Of course I am... bought everything fur the rear but once I finished the knuckles and front brakes and had help bleeding g them, I didn’t want to dive into the rear. I love doing things multiple times haven’t you caught that yet?
 
Of course I am... bought everything fur the rear but once I finished the knuckles and front brakes and had help bleeding g them, I didn’t want to dive into the rear. I love doing things multiple times haven’t you caught that yet?
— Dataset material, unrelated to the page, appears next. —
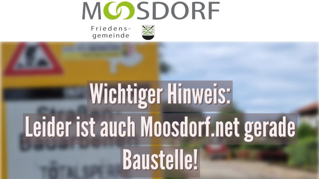 Erfreulicherweise betrifft diese Baustelle nicht den Verkehr in Moosdorf, sondern Moosdorf.net. Noch ist die Seite technisch nicht stabil. Wir bitten um Euer Verständnis, das derzeit der Veranstaltungskalender nicht genutzt werden kann und auch einige andere Funktionen nicht wie gewohnt zur Verfügung stehen.

Oh yeah, get this. I just failed rules one and two. I refuse to follow the third rule... so I’m gonna fix it. I went out this afternoon to spray all my new brake parts so they could cure for a week or so before I dive in. Like a dumbass I forgot to degrease my new calipers and brake booster.... yeah I have fish eyes ALL OVER. It’s okay. I can easily strip it and do it the right way the next time. The paint sure as hell didn’t adhere very well. :doh::bang: I’m going to stay my ass inside this evening and I’m not touching anything else, lest I f**k it up.
 
Oh yeah, and I have a cool trick for bleeding the brakes alone. The last time I had my fronts apart I wasn’t going to have them together in time for work. I tried to call out for the day and my manager gave me this brilliant idea. Take a concrete block and set it against the front driver’s seat on the floor between the brake pedal. Pump the pedal with your BFH and when you’ve got it charged up, wedge the hammer against the block and brake pedal to keep it depressed. Crawl under the truck to open the caliper/cylinder. Repeat as necessary. Damn if I didn’t get it done in time to go work a dinner rush on the chargrill. Glad I don’t do that anymore.